The present report details STING–AMPK signaling in the pathological process of ALI after intestinal ischemia–reperfusion injury. The main findings included the following: (1) the STING C-176 inhibitor significantly reduced lung injury and pulmonary fibrosis after intestinal ischemia–reperfusion injury; (2) the STING C-176 inhibitor significantly ameliorated pulmonary apoptosis and pyroptosis; and (3) the protective effects of C-176 against ALI after intestinal ischemia–reperfusion injury may be associated with STING–AMPK signaling.
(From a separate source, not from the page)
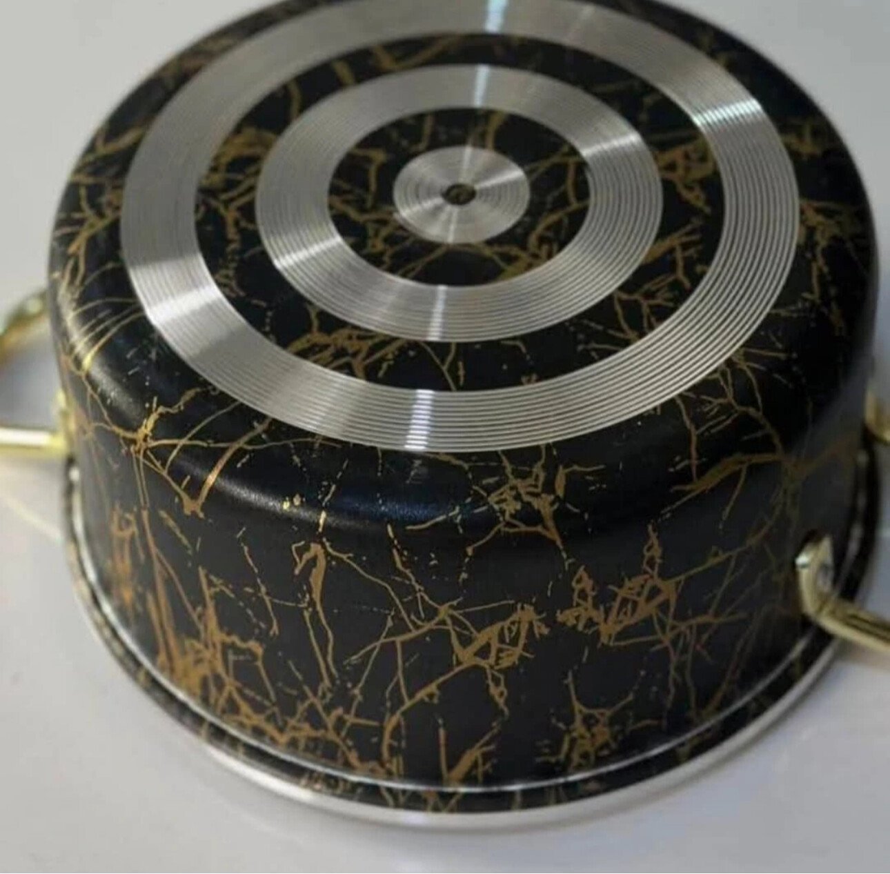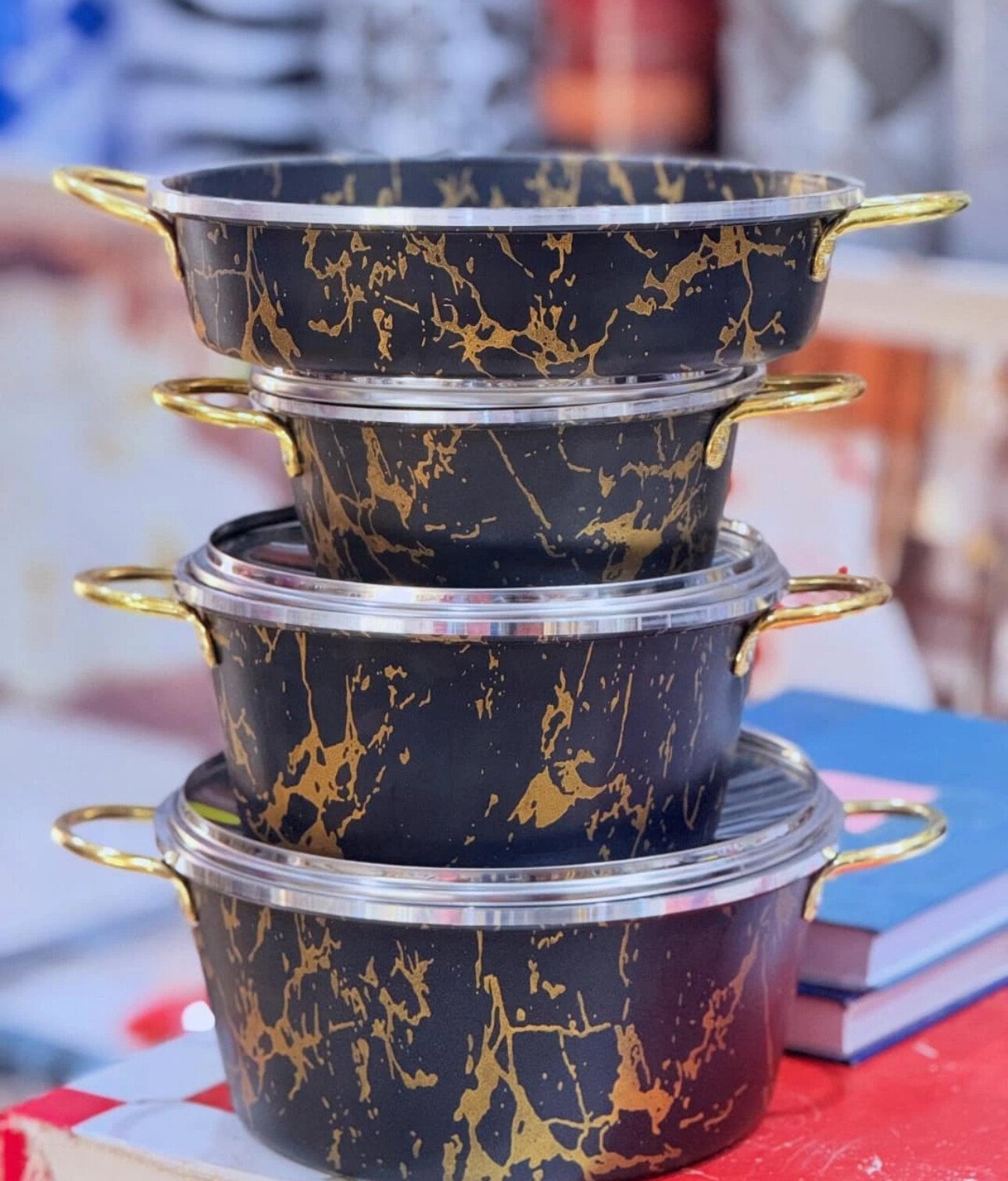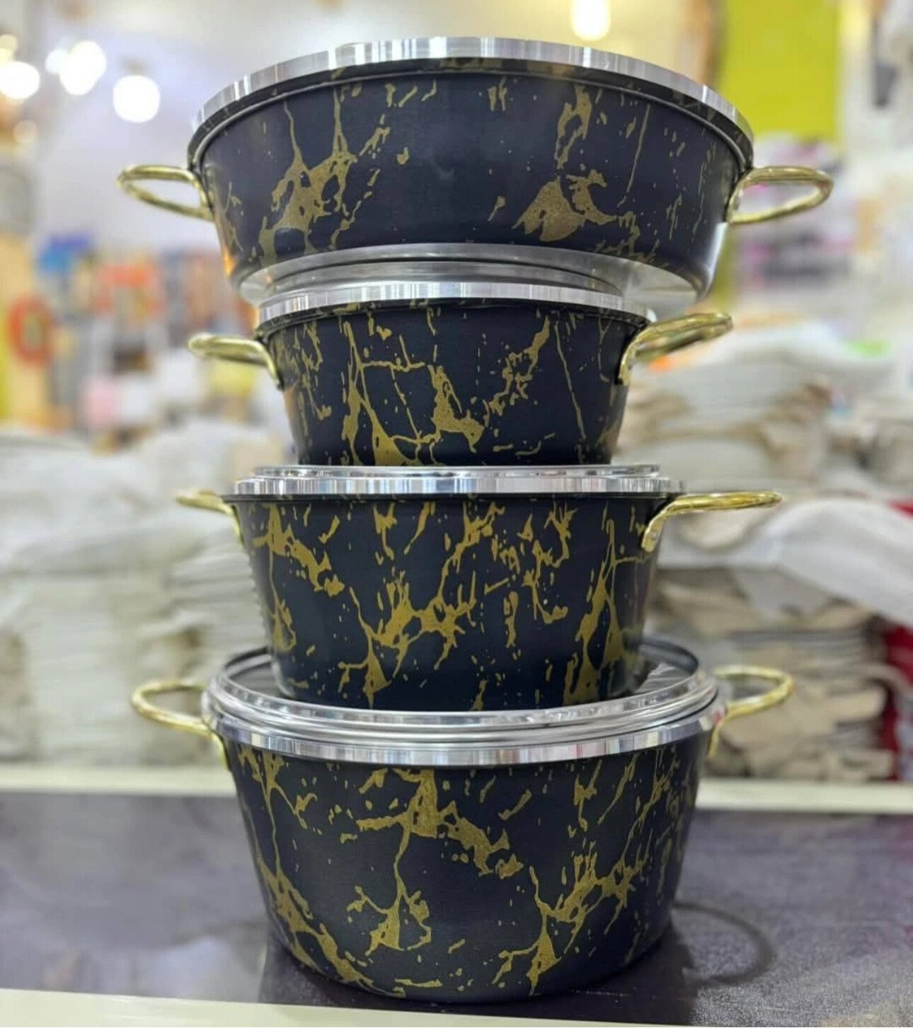 سيت جداري كرانيت 4 قطع الثقيل يحتوي على 3 جداري وطاوة ويحتوي على 3 قباقة بايركس ضد الحرارة واليدات ربل حديد يعمل بزيت وبدون زيت والقاعدة ليزرية

Endogenous toxins released from intestinal bacteria can shift to the circulatory system after intestinal ischemia–reperfusion injury, resulting in systemic inflammation, including lung injury [25]. In addition to endogenous toxins, inflammatory factors, including IL-1 and IL-6, produced during ischemia enter the circulatory system [26]. In the current study, we showed that serum DAO and IL-1β were significantly increased after reperfusion, which indicates that circulation mediators were released from intestinal tissue. Relevant studies revealed that distant lung injury occurs during the process of reperfusion after intestinal ischemia; however, the mechanism of lung injury after intestinal ischemia–reperfusion injury remains unclear [27, 28]. The data showed that lung injury indicated by TLW, BALF protein content, pathological score, and collagen volume fraction were significantly aggravated after intestinal ischemia–reperfusion injury. This implies that this rodent model of intestinal ischemia–reperfusion injury potentially triggers distant lung injury, which can destroy the alveolar membrane.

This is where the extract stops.